> **EXERCISE MATERIAL**:
+++++

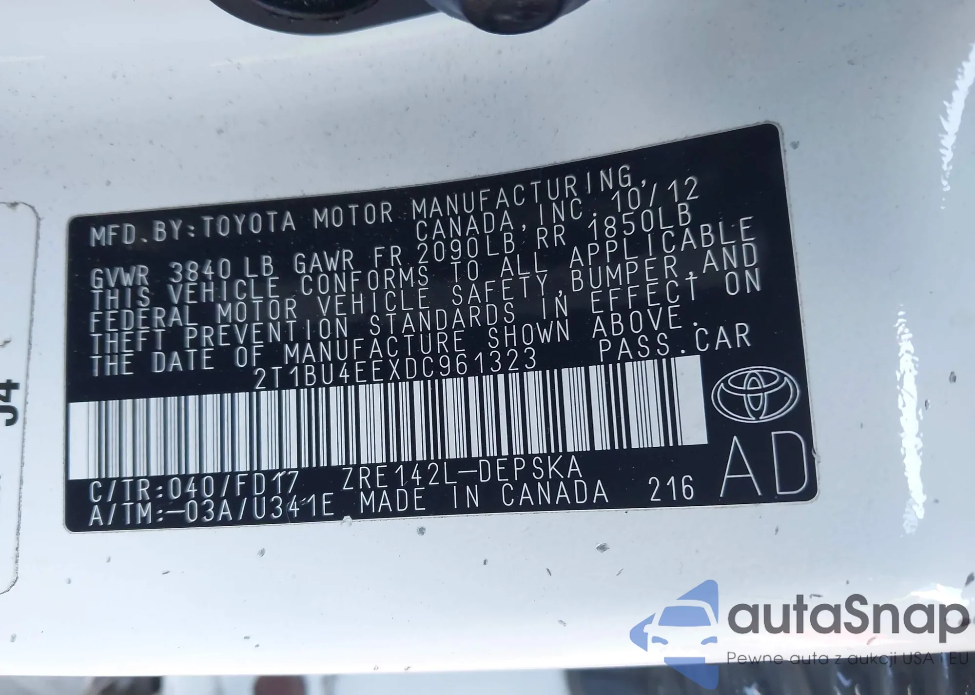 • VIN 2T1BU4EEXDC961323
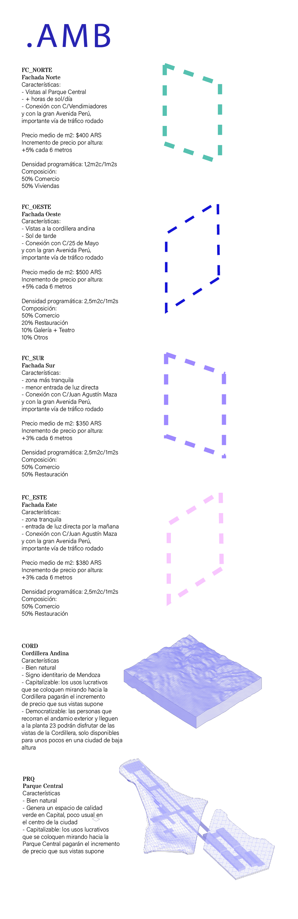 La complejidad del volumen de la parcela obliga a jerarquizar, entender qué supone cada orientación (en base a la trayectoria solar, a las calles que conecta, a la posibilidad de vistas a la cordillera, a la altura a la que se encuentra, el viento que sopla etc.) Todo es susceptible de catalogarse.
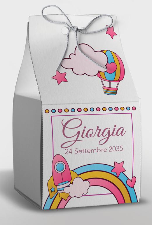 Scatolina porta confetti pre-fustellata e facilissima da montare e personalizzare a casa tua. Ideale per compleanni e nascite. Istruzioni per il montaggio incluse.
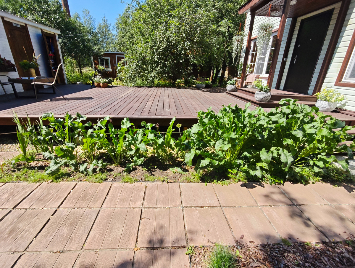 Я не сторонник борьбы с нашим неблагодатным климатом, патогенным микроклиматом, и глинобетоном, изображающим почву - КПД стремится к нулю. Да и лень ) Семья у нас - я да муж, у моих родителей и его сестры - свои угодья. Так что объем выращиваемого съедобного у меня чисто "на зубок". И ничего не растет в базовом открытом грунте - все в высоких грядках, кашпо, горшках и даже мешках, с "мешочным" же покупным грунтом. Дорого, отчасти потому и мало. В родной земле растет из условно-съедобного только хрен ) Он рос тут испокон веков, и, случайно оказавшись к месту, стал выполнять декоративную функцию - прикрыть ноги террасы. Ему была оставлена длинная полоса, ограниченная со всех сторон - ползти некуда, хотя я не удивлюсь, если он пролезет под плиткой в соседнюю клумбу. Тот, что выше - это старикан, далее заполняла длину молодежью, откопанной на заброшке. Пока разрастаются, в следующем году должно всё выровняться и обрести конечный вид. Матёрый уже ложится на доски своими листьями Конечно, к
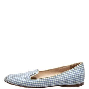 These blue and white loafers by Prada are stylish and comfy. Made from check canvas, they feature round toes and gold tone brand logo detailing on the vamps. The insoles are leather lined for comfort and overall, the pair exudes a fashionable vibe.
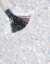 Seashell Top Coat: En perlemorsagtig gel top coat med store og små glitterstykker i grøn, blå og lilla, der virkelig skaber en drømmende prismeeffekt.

+++++

> **WORK TASK**: A verbatim copy of every entry above, with no pictures, is the expected output.

> **RESPONSE TO THE TASK**:
 • VIN 2T1BU4EEXDC961323
 La complejidad del volumen de la parcela obliga a jerarquizar, entender qué supone cada orientación (en base a la trayectoria solar, a las calles que conecta, a la posibilidad de vistas a la cordillera, a la altura a la que se encuentra, el viento que sopla etc.) Todo es susceptible de catalogarse.
 Scatolina porta confetti pre-fustellata e facilissima da montare e personalizzare a casa tua. Ideale per compleanni e nascite. Istruzioni per il montaggio incluse.
 Я не сторонник борьбы с нашим неблагодатным климатом, патогенным микроклиматом, и глинобетоном, изображающим почву - КПД стремится к нулю. Да и лень ) Семья у нас - я да муж, у моих родителей и его сестры - свои угодья. Так что объем выращиваемого съедобного у меня чисто "на зубок". И ничего не растет в базовом открытом грунте - все в высоких грядках, кашпо, горшках и даже мешках, с "мешочным" же покупным грунтом. Дорого, отчасти потому и мало. В родной земле растет из условно-съедобного только хрен ) Он рос тут испокон веков, и, случайно оказавшись к месту, стал выполнять декоративную функцию - прикрыть ноги террасы. Ему была оставлена длинная полоса, ограниченная со всех сторон - ползти некуда, хотя я не удивлюсь, если он пролезет под плиткой в соседнюю клумбу. Тот, что выше - это старикан, далее заполняла длину молодежью, откопанной на заброшке. Пока разрастаются, в следующем году должно всё выровняться и обрести конечный вид. Матёрый уже ложится на доски своими листьями Конечно, к
 These blue and white loafers by Prada are stylish and comfy. Made from check canvas, they feature round toes and gold tone brand logo detailing on the vamps. The insoles are leather lined for comfort and overall, the pair exudes a fashionable vibe.
 Seashell Top Coat: En perlemorsagtig gel top coat med store og små glitterstykker i grøn, blå og lilla, der virkelig skaber en drømmende prismeeffekt.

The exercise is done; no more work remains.